In decades past, employees would get both a cost of living raise and performance raise, but the cost of living raise has all but gone away. One way to fix this is to tie the minimum wage to inflation. It'll have tje side benefit of making companies try to reduce inflation rather profiteering.

[–] Kayel@aussie.zone 9 points 22 hours ago

Neoliberalism is reaching its natural conclusion, coupled with the gradual fall of colonialism, is going to lead to a permanent crash for the working class.

While Trump is being loud, the project to divide the US working class by ethnicity has been ongoing always, and began ramping up this century.

It will be required as all production is centralised within a handful of families. And the global south can no longer be relied on for cheap resources and manufacturing for middle class treats.

The US doesn't have a union presence, nor does it have understanding of left politics. Conditions will get worse and worse every decade.

[–] NocturnalMorning@lemmy.world 32 points 1 day ago (16 children)

Yes, it's gonna get bad. Jobs in both the private sector, and public sector, universities, etc, we are all feeling the heat right now.

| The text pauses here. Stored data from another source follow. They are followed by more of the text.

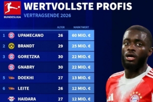體育資訊10月23日訊 《轉(zhuǎn)會市場》統(tǒng)計了合同將在明夏到期的德甲球員身價情況,拜仁中衛(wèi)于帕梅卡諾獨自領(lǐng)跑。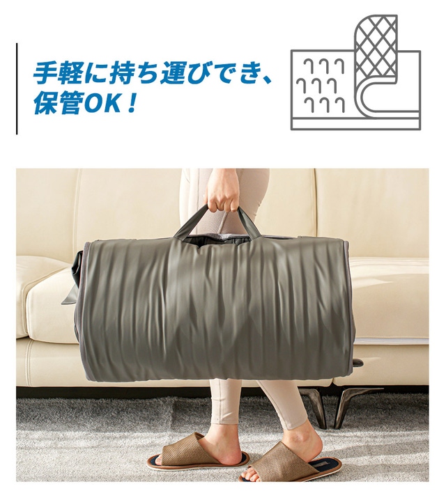 - 手軽に持ち運びでき、保管OK ! ベルクロタイプで、使用しないときは折り畳んで保管できます。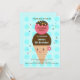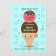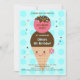Este convite bonito é ideal para celebrar uma festa de sorvete. Ele apresenta um personagem de cone de sorvete com duas colheres de sorvete com fudge e borrifos. O plano de fundo tem um padrão bolinhas. design de capa para uma garota divertida e enérgica.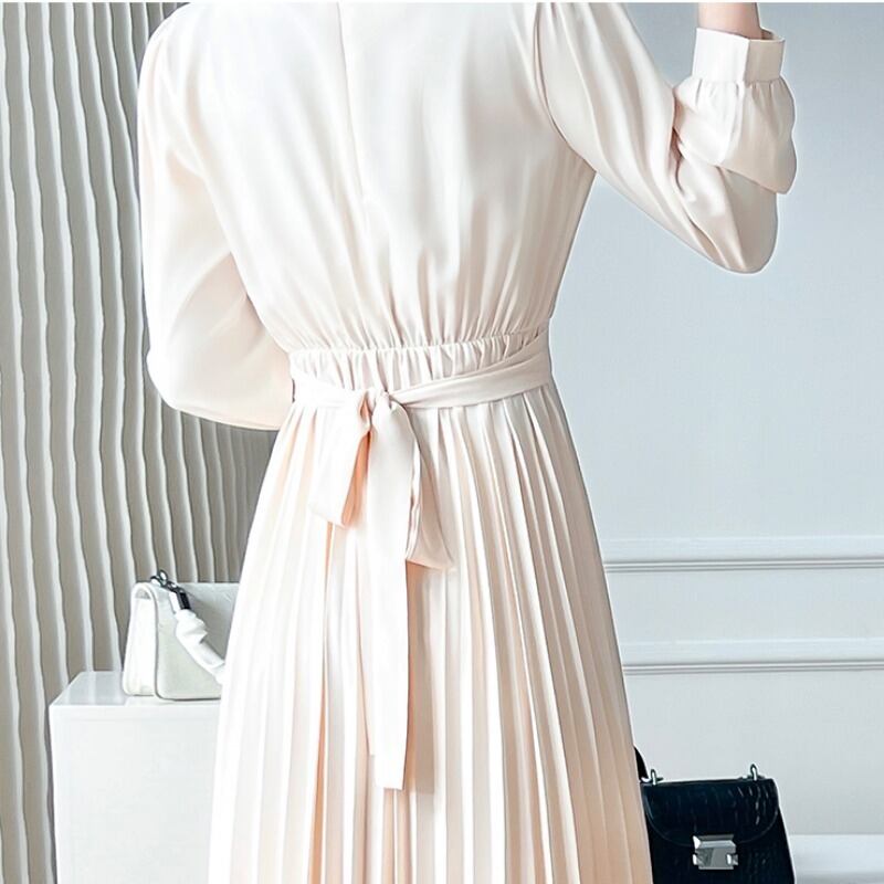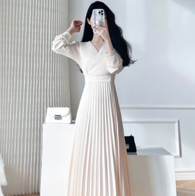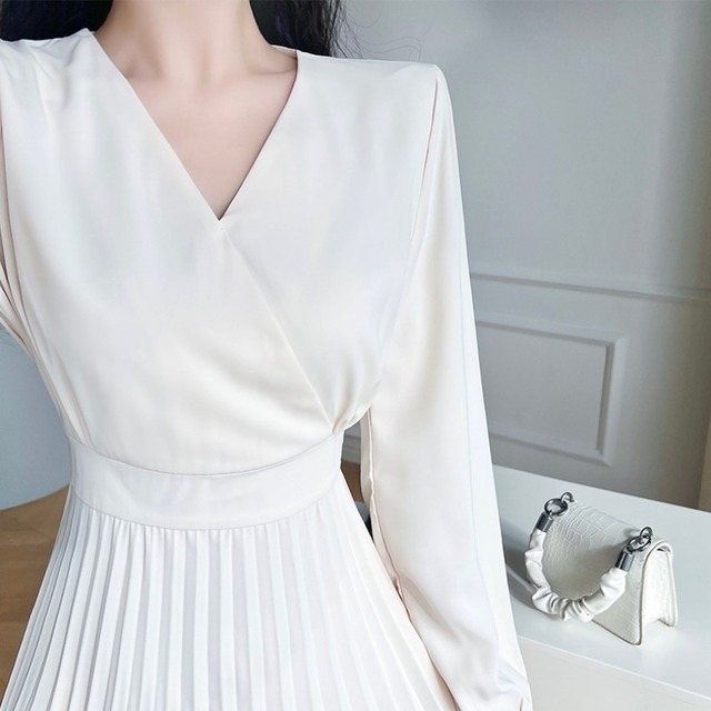 ワンピース デート フレアワンピース ミモレ ミモレ丈 袖あり 長袖 Vネック プリーツ かわいい 大人可愛い きれいめ シンプル カジュアル 大人 上品 おしゃれ お洒落 主役級 存在感 春 秋 10代 20代 30代 レディース 女性用 OL 学生 デート お出かけ 公園デビュー 女子会 休日 イベント 旅行 着回し 普段使い ファッション コーデ 楽ちん モテ トレンド 流行 インスタ映え S M L XL 白 ホワイト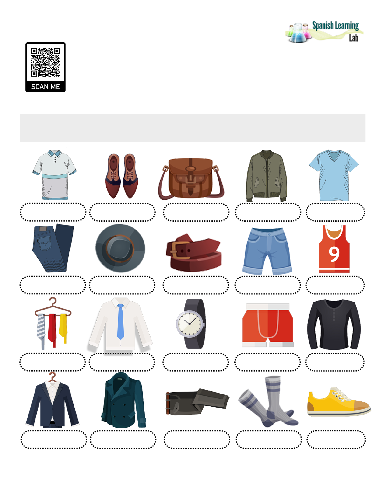 <p>La Ropa para Hombres en Español</p><p>Escriba el nombre de cada prenda de vestir en español representado por los dibujos.</p><p>Más recursos en: www.spanishlearninglab.com</p><p>Para hablar sobre la ropa en español necesitamos el verbo USAR para hacer</p><p>preguntas como ¿Qué está usando él? - Él está usando una camiseta,</p><p>pantalones y zapatos deportivos. Para preguntar precios usamos la pregunta</p><p>¿Cuánto vale + prenda de vestir?</p><p>camisa polo, zapatos deportivos, abrigo, bolso, camiseta, pantalones jeans, faja, shorts</p><p>(pantalones cortos), camisola, corbatas, camisa manga larga, chaqueta, pantalón de</p><p>vestir, sombrero, reloj, ropa interior, sudadera, traje, calcetines, zapatillas</p>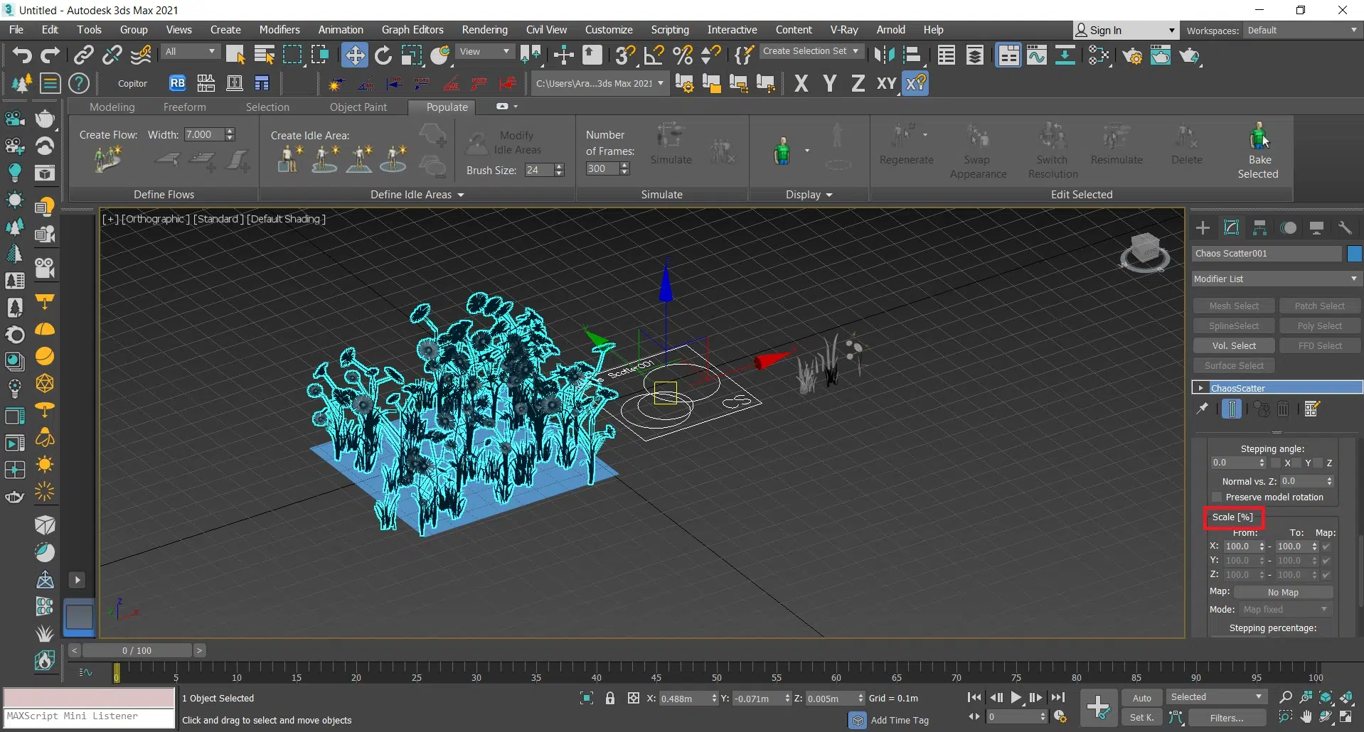 پخش گیاه با ابزار chaosscatter در ویری 6

load more comments (16 replies)
[–] Demonmariner@lemmy.world 4 points 22 hours ago

Why, this is a crash, nor are we out of it.

[–] undefined@lemmy.hogru.ch 16 points 1 day ago (1 children)

It’s already been going on for 30+ years so whatever you call this is pretty much it.

load more comments (1 replies)
[–] missingno@fedia.io 9 points 1 day ago

Define what you mean by 'crash'. What's been happening will continue to happen, but if you're expecting any kind of singular dramatic moment, what would that be?